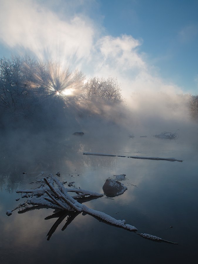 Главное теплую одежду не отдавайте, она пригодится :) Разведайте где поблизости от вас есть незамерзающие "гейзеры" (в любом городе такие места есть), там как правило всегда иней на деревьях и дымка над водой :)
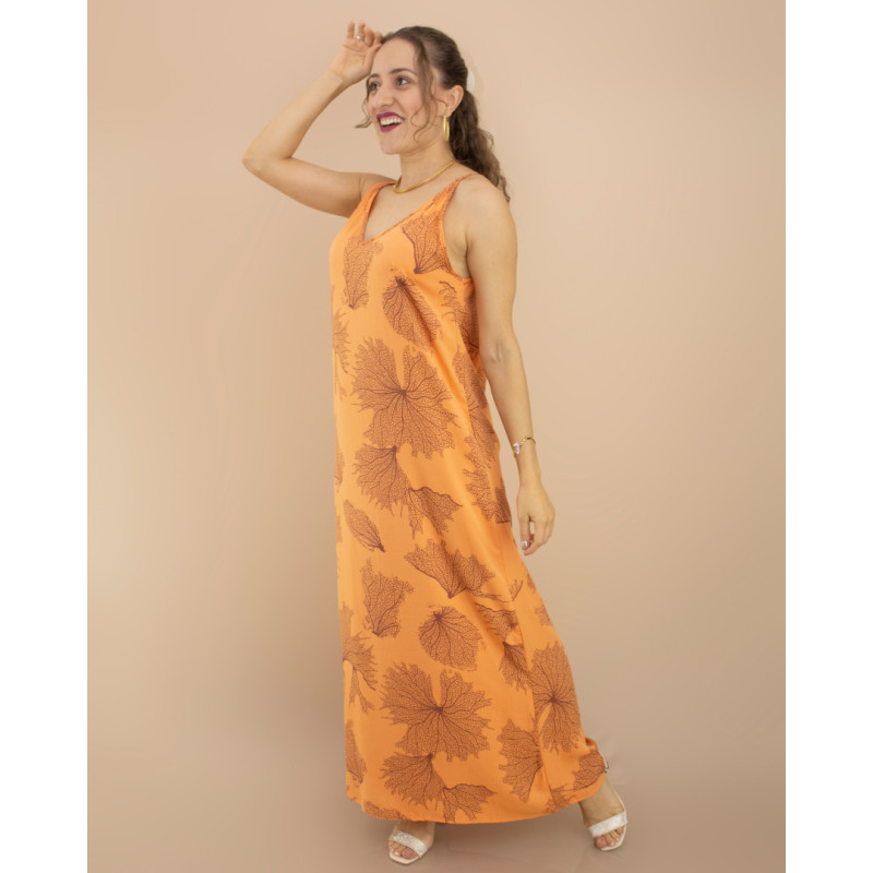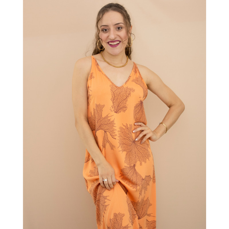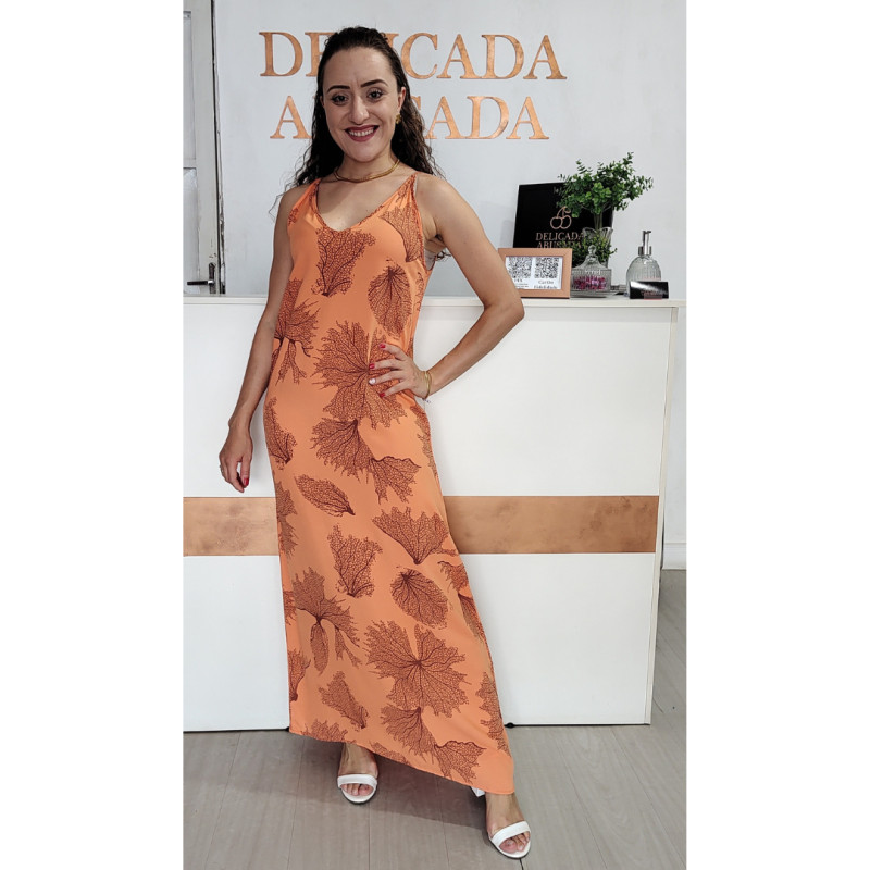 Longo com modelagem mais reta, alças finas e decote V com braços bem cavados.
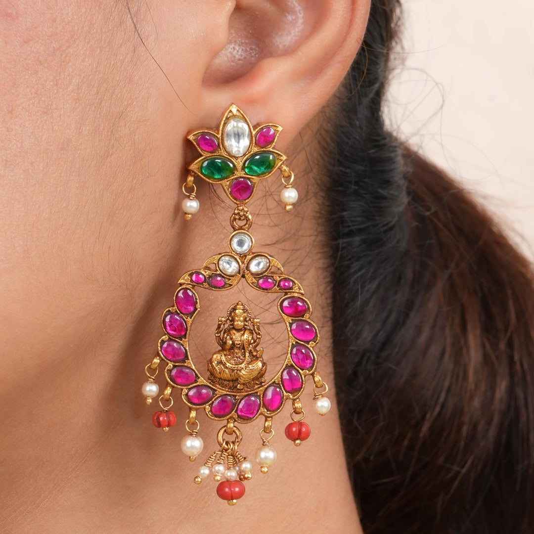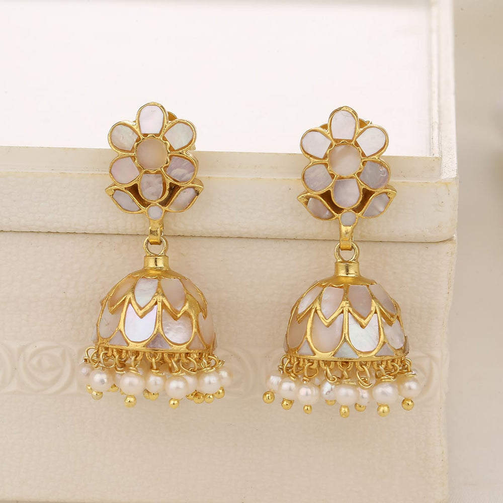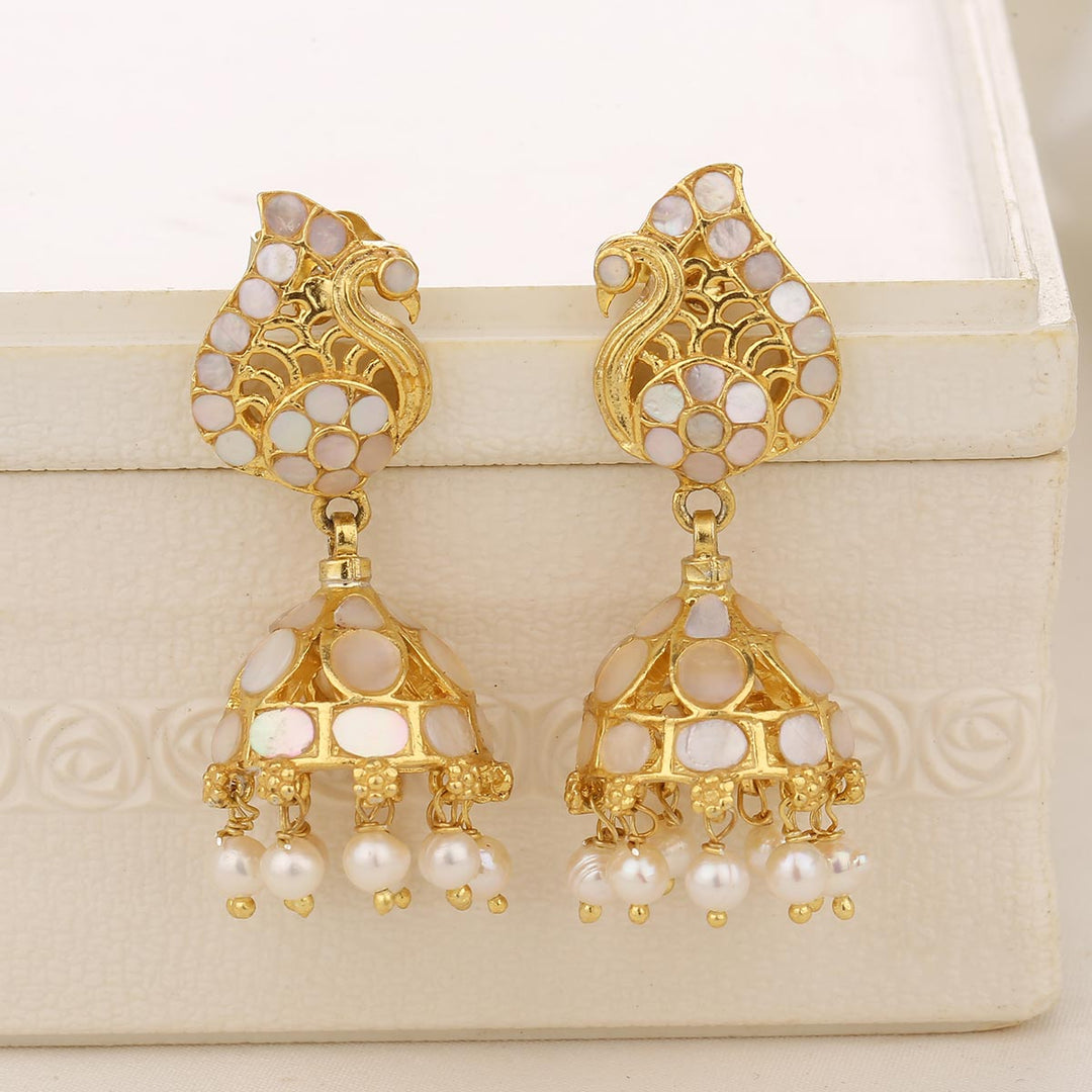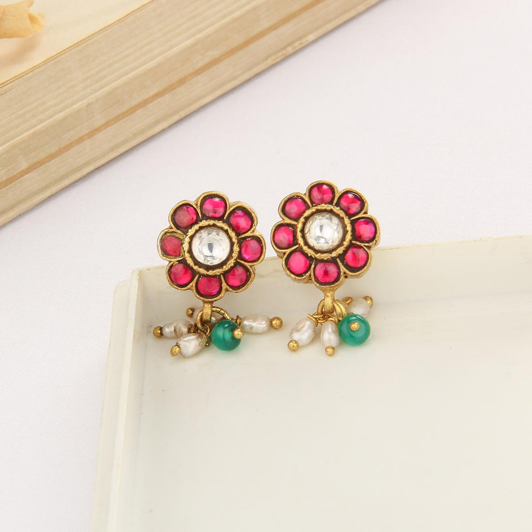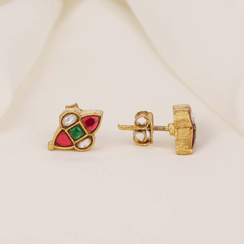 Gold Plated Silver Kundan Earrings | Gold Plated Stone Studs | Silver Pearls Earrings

================

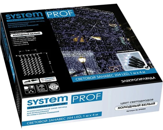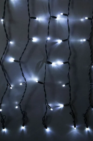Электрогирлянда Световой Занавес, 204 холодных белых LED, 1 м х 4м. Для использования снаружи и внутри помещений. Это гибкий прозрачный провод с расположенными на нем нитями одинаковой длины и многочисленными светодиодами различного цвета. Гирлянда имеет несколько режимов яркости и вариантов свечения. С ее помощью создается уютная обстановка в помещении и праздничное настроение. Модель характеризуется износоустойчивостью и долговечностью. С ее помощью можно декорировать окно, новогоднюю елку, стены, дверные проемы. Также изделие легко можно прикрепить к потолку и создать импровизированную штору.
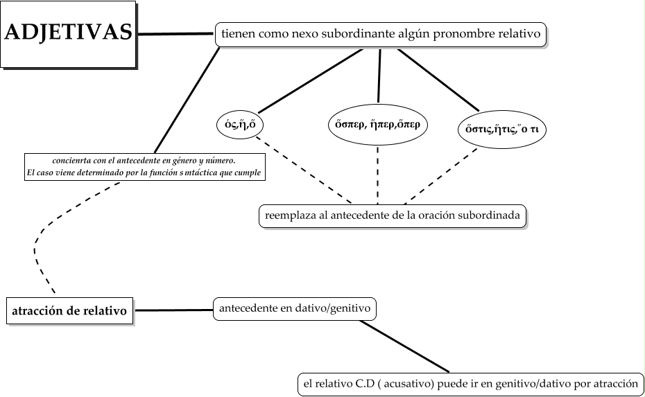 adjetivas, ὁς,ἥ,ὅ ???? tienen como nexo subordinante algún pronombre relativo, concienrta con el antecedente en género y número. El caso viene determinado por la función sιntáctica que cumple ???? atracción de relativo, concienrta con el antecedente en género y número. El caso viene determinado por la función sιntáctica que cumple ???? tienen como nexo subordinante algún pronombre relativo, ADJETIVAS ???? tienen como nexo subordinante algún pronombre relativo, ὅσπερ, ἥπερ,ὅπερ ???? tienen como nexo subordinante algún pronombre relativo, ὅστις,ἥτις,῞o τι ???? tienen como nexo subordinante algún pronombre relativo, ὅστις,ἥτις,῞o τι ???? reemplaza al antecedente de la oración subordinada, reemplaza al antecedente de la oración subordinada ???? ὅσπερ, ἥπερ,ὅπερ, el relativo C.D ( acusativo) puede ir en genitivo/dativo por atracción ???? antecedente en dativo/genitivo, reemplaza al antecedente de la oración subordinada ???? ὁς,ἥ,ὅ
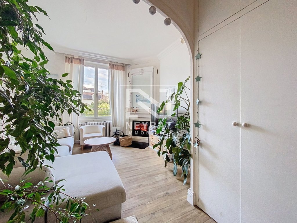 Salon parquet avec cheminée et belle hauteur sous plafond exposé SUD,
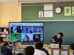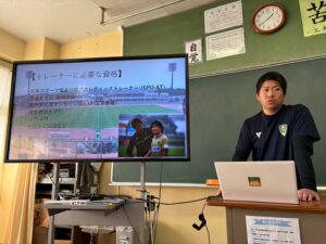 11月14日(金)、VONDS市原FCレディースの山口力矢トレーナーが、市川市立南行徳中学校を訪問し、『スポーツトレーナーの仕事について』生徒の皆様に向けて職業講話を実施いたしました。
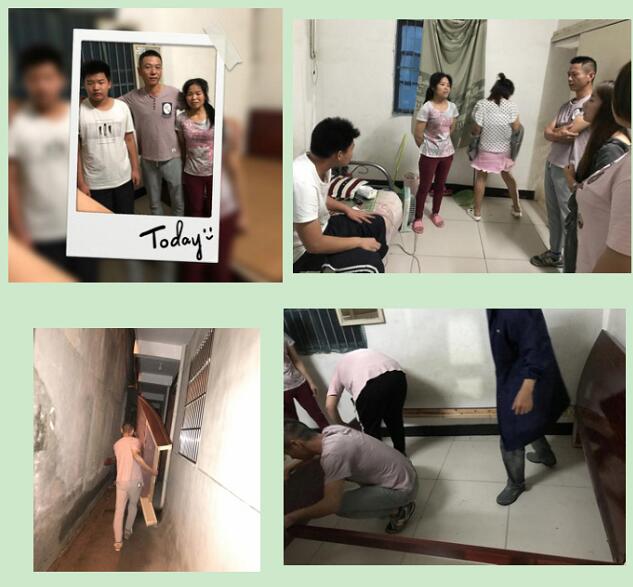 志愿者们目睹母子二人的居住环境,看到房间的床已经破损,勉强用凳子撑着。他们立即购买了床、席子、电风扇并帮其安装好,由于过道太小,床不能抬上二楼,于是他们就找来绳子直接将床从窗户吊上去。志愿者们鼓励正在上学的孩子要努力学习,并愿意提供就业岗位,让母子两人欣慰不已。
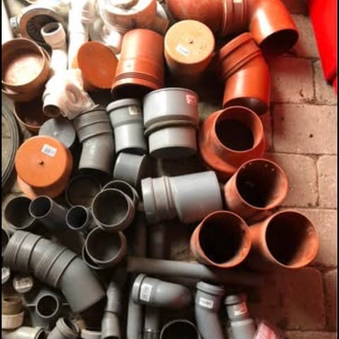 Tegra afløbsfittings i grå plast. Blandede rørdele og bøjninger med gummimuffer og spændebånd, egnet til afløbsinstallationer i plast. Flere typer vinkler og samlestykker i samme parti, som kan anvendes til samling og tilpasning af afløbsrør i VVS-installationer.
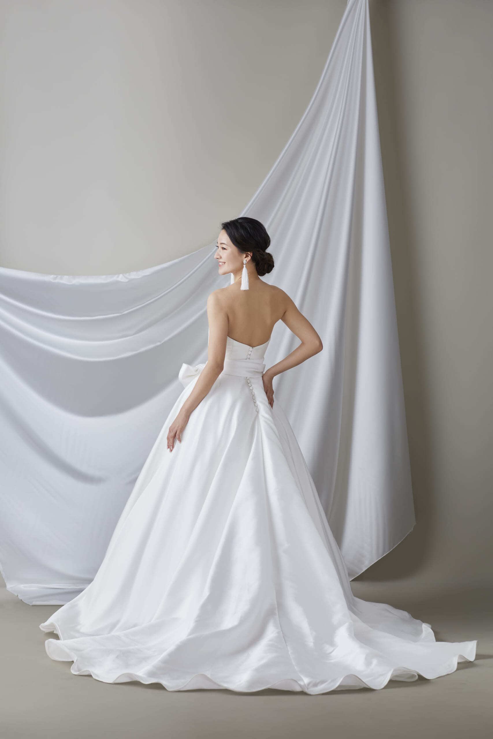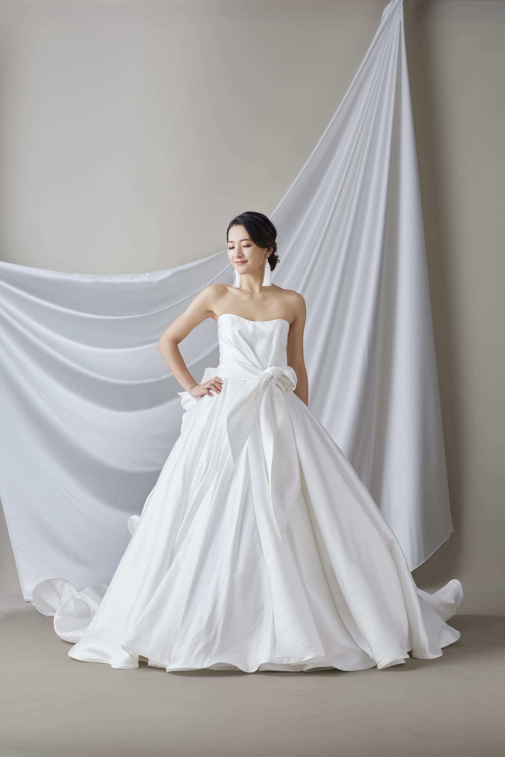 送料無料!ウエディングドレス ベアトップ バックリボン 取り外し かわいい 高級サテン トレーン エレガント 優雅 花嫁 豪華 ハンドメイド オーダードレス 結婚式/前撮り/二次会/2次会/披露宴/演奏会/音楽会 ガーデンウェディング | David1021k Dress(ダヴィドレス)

================

» **Task item**:
What lines above run from the one with "Longo com modelagem" to the one with "Gold Plated Silver"? Give them again exactly, ends included, and leave the pictures out.

» **Solved problem**:
 Longo com modelagem mais reta, alças finas e decote V com braços bem cavados.
 Gold Plated Silver Kundan Earrings | Gold Plated Stone Studs | Silver Pearls Earrings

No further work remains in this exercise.